*** Record extracts ***

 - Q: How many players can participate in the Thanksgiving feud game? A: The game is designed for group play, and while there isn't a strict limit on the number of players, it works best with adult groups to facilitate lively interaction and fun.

*** End of Record extracts ***
*** Record extracts ***

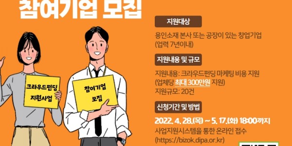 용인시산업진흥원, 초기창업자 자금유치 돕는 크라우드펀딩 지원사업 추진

*** End of Record extracts ***
*** Record extracts ***

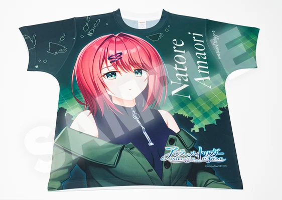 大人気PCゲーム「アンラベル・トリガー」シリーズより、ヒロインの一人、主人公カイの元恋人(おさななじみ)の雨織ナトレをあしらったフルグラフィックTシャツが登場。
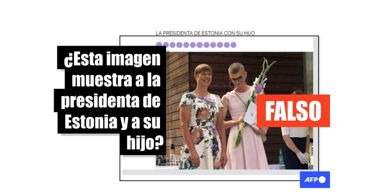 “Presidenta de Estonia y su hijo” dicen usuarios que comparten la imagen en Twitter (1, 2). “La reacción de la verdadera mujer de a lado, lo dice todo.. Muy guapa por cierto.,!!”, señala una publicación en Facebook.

*** End of Record extracts ***

## Exercise objective
Go to the line above that contains "大人気PCゲーム「アンラベル" and reproduce everything exactly from there through the line that contains "publicación en Facebook.", leaving out the pictures.

## Answer to the problem
 大人気PCゲーム「アンラベル・トリガー」シリーズより、ヒロインの一人、主人公カイの元恋人(おさななじみ)の雨織ナトレをあしらったフルグラフィックTシャツが登場。
 “Presidenta de Estonia y su hijo” dicen usuarios que comparten la imagen en Twitter (1, 2). “La reacción de la verdadera mujer de a lado, lo dice todo.. Muy guapa por cierto.,!!”, señala una publicación en Facebook.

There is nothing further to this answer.